In the basement of St Vincent’s is a white room lit with fluorescent lighting. It gives the feeling of being sterile but there’s a horrid starkness – it feels void of all emotion. As if what goes on in the room is of no importance. It is a room that delivers facts. Cold, clinical facts. There is no filtering. It’s as if humanity has no place in this room. It just happens that these facts have the potential to have a massive impact on my life. “It doesn’t mean anything,” I discipline myself for the umpteenth time. I look back at the trolley full of syringes and then at the piece of plumbing sticking out of my arm. The staff have just finished preparing me for the next procedure in a chair that resembles one in which you would receive a lethal injection.
This particular moment in the cold, sterile room happens to be the moment for my latest MRI. These MRIs are to check if the tumour has grown and where it has grown. This scan marks just under four years since I was diagnosed. I have had a rough few months; that’s probably an understatement. I’ve pushed through ongoing pain, nausea and fatigue. All of these are possible signs that things have become worse. I am aware of it, and I can see in the eyes of the people around me that they too are aware of the possibility. This is why this time is particularly stressful. My life literally rides on these results. I need to distract myself.

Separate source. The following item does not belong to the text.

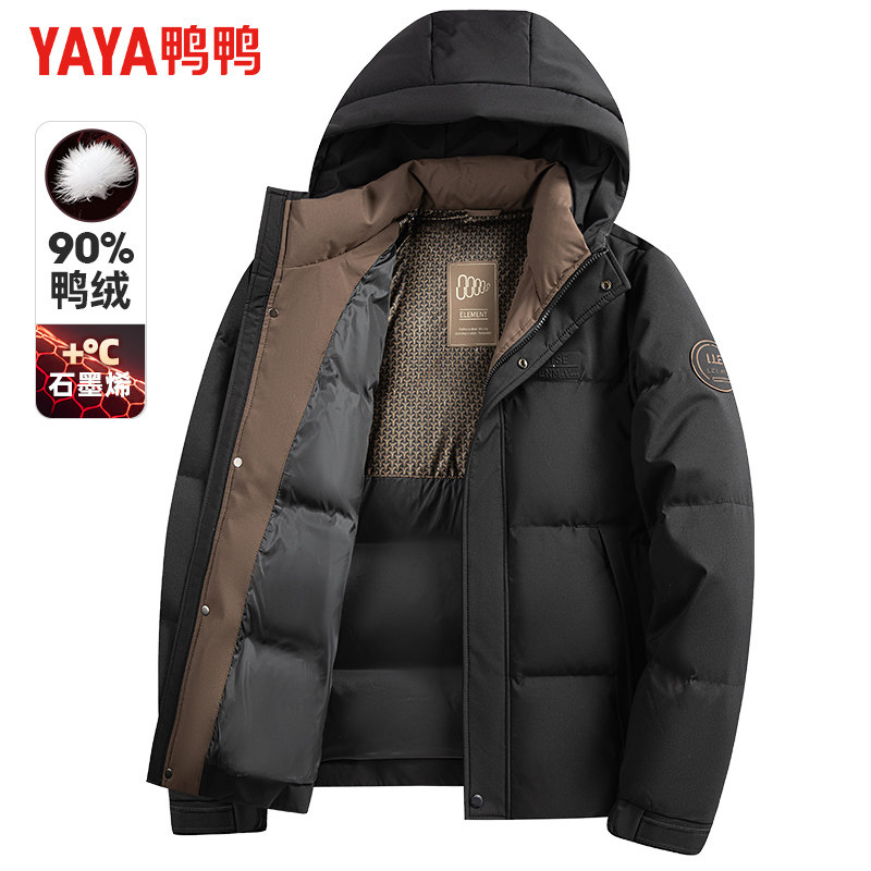 【石墨烯蓄热】鸭鸭冬季羽绒服男士短款连帽保暖时尚休闲御寒外套
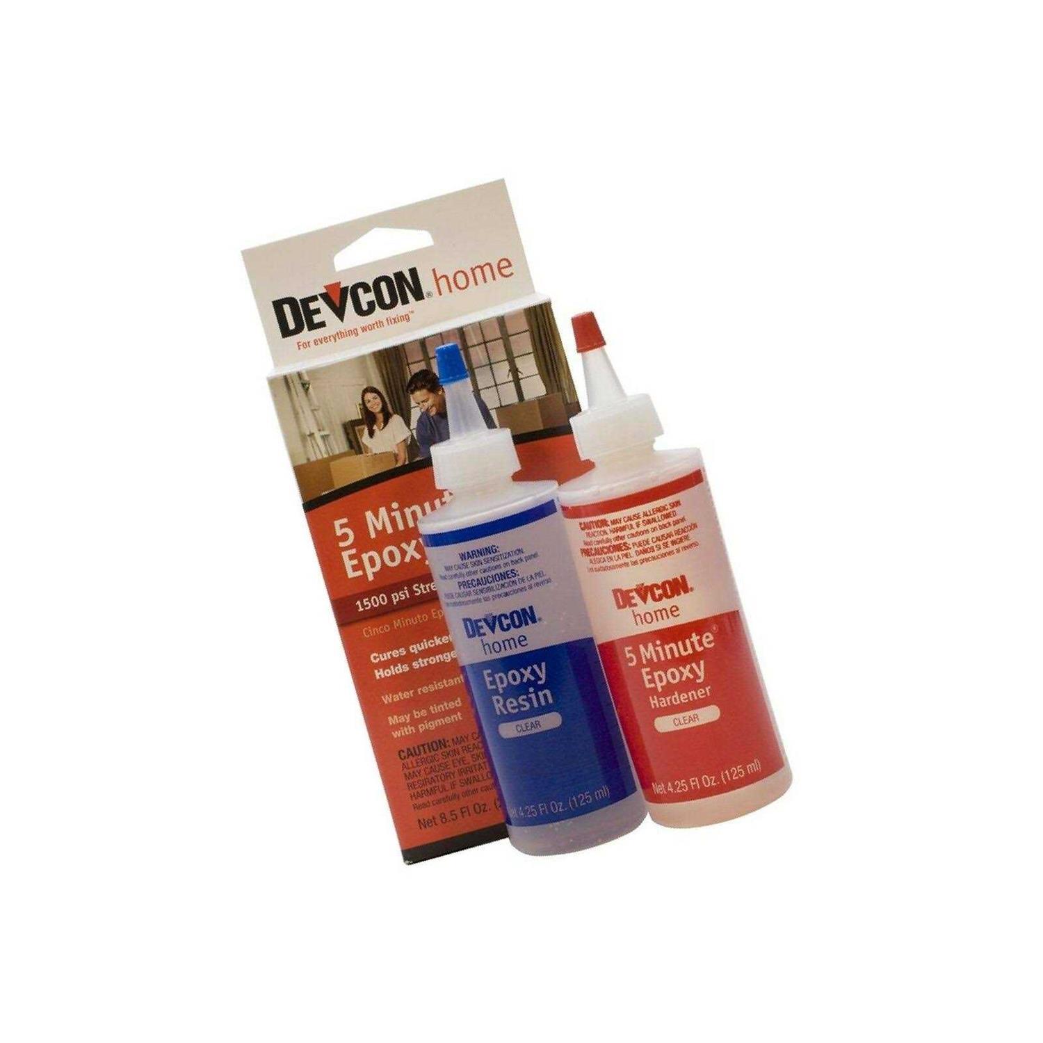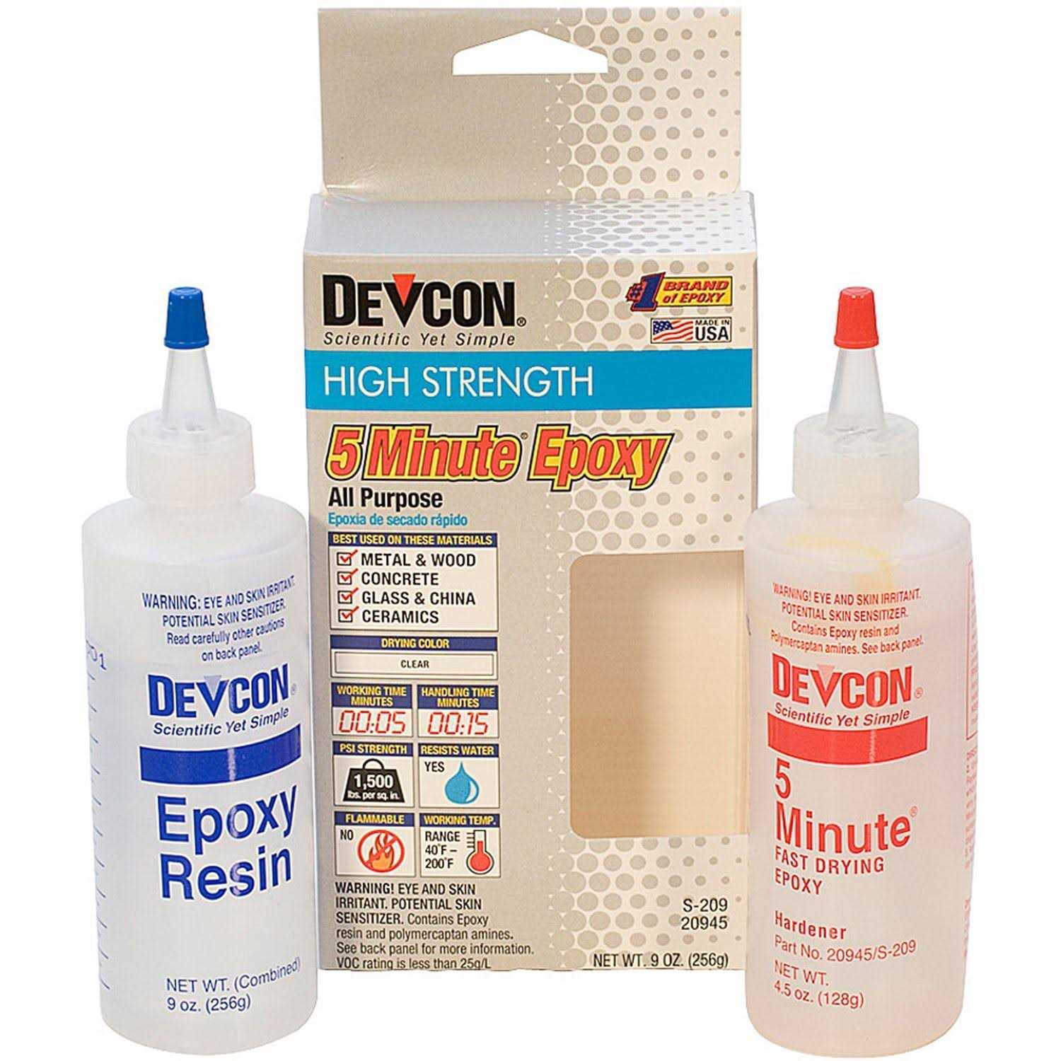 Ideal for joining wood, metal, concrete, glass, ceramics, china and more Sets in 5 minutes with strength up to 1,500 pounds per square inch 2 bottles included; 4-1/2 ounce bottles Dries clear water resistant Devcon 5-Minute Epoxy adhesive cures and joins materials together by a chemical reaction between the resin and hardener. This reaction results in a high strength bond that is resistant to most chemicals. Use Devcon Epoxy adhesive for household, industrial, crafts or for any job that requires a high-strength, high-quality bond. Works best on metal, wood, concrete, glass, ceramics, china and much more. 5 Minute Epoxy sets in 5 minutes with strength up to 1,500 lbs. per square inch. Dries clear; water resistant. Includes 2 bottles with 4-1/2 ounces of epoxy.

Randomly a song jumps into my head. It must be because of the socks. The floors are smooth vinyl. I have a rule: if it’s a slippery floor and I’m wearing socks, the only suitable form of transport is sliding. It is during the sliding that the song hits me. Happy for the distraction, I decide to create a little video while trying not to be busted by the staff. Distraction is a great way of getting through the stress of the event. This also has the extra benefit of adding humour. I’ve found humour to be a great way of dealing with moments and events that are difficult to comprehend.
Life’s too serious to take seriously so here is the video:
Going into the MRI is an experience that always reminds me of radiotherapy. It’s not as bad, but the reminder is enough! I am not a big person, but even I feel big on the hard table I am to lie on. My head is locked into a plastic prison, a mirror positioned above my eyes so I can see out. I think it is supposed to allow you to see the staff, which would be a great idea if they approached somewhere within the limited visual span. It’s intimidating having someone inject contrast into your body without being able to see them or what they are injecting. I do get a good view of my toes though.
Lying there, the MRI sounds like a dance party with irregular bass drops. There’s no beat, so no chance of dancing, and I couldn’t move anyway. But there is a huge amount of time to think. As if I needed more time to think. I won’t find out the results of these tests for another five days yet. This is just another way that cancer eats away at you.
The constant reminder that life is short is exhausting. Will this test show I need to have more treatment? Will these results show that I have run out of time? Is it my turn now to become one of the statistics?